Dr. Hoffman subsequently performed numerous experiments in which he ingested and reported on the effects of the drug. As an aside, he celebrated his one hundredth birthday January 11, 2006 together with his children, Benson and Abbie. (Kidding)
The Federal Bureau of Narcotics was formed in 1930. Its first commissioner Henry J. Anslinger and many of its agents were veterans of various agencies and departments charged with enforcing Prohibition. The agency lobbied for the Marijuana Tax Act of 1937 (you really ought to read the testimony) which effectively criminalized the sale of Cannabis.
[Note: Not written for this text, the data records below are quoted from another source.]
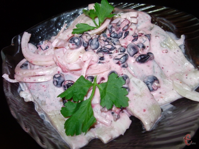 Готуємо спочатку заправку. Дрібно нарізаємо солодку (білу або червону) цибулину. Змішуємо сметану з медом, чорним перцем, цибулею і кропом, додаємо чорну смородину й ретельно перемішуємо. Ягоди смородини злегка розчавлюємо ложкою, щоб вони випустили сік.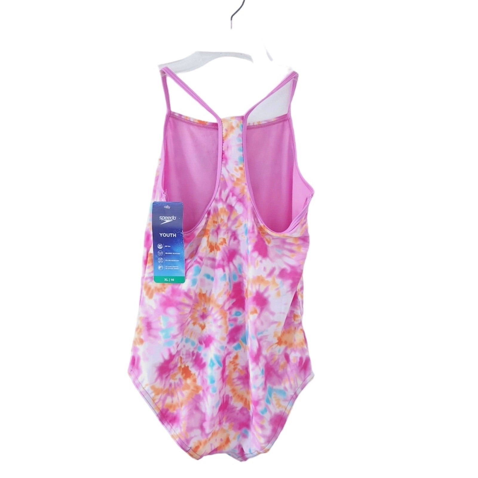 New Speedo One Piece Bathing Suit Girls Size XL 16 Pink Tie Dye Swimsuit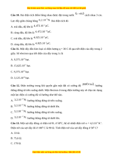 Câu 12. Điện trường trong khí quyển gần mặt đất có cường độ hướng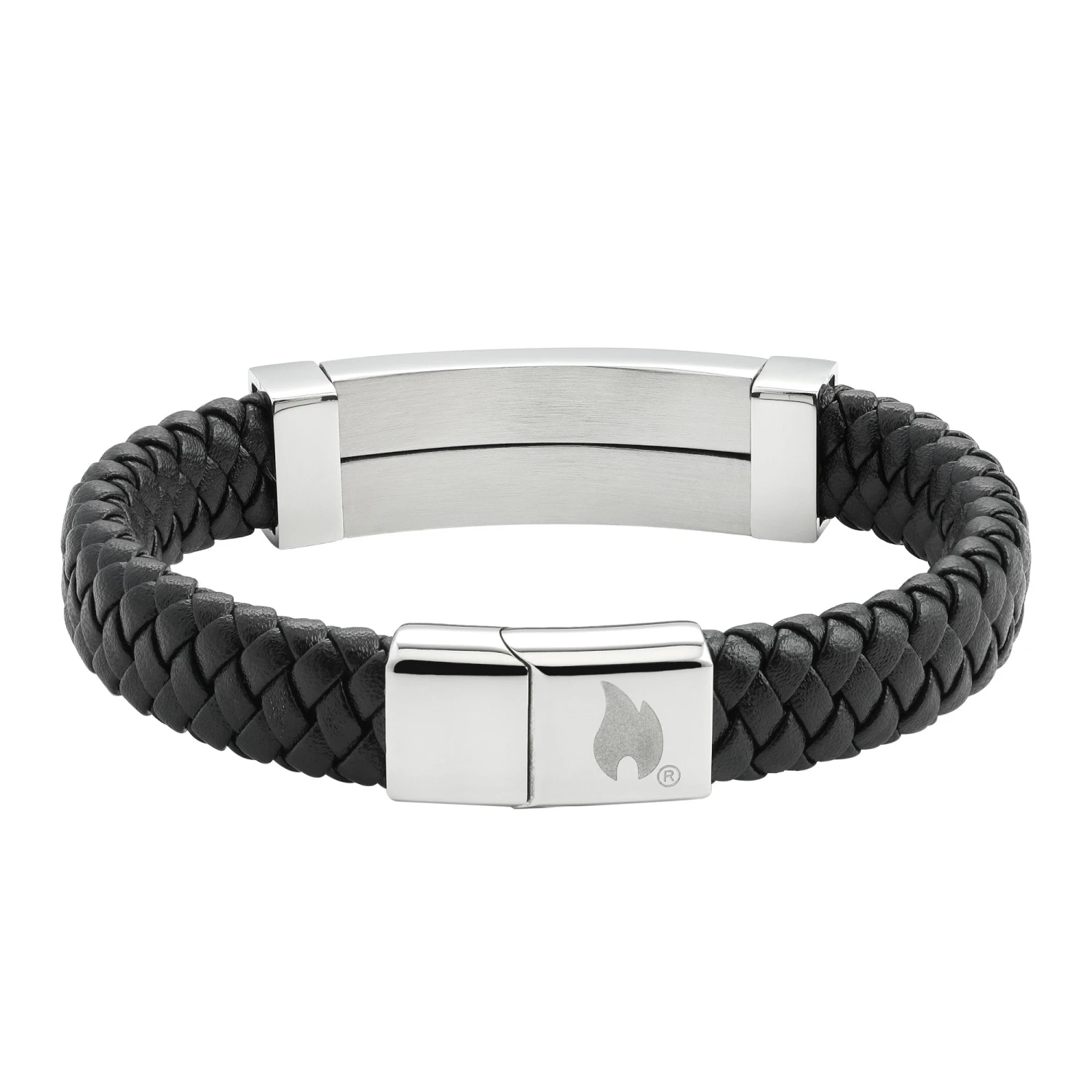 Stylish double braided leather strap with flat stainless steel magnetic clasp. The ends of the bracelet are simply slid into each other. The High Polish clasp ensures a secure hold. The original Zippo logo adorns the inside of the clasp.Â

It was merged with the Bureau of Drug Abuse control to form the Bureau of Narcotics and Dangerous Drugs in 1968, which was subsequently merged into the newly formed Drug Enforcement Administration (DEA) in 1973.
The Single Convention on Narcotic Drugs was adopted in 1961.
The Controlled Substances Act was enacted into law in 1970, and has subsequently amended, expanded, amended, amended again, and expanded.
Then, just to be safe, expanded.
Local, State, Federal, and International Law has grown almost exponentially.
Both costs associated with enforcing drug laws and profits from illegal drug trafficking have also grown exponentially, with no hint of abating.
Political consequences abound.
The estimated number of arrests for drug abuse violations for adults has been increasing, while the number for juveniles stabilized.
In 2002 about a quarter of convicted property and drug offenders had committed their crimes to get money for drugs, compared to 5% of violent and public order offenders. In 1997, 19% of State prisoners and 16% of Federal inmates said they committed their current offense to obtain money for drugs. These percentages represent a slight increase from 1991, when 17% of State and 10% of Federal prisoners identified drug money as a motive for their current offense. The Uniform Crime Reporting Program (UCR) of the Federal Bureau of Investigation (FBI) reported that in 2005, 4.0% of the 14,860 homicides in which circumstances were known were narcotics related. Murders that occurred specifically during a narcotics felony, such as drug trafficking or manufacturing, are considered drug related.
Drug use in this country from 1979 until 2001 was as follows.
As Will Rogers once famously said, "We don't seem to be able to check crime, so why not legalize it and then tax it out of business."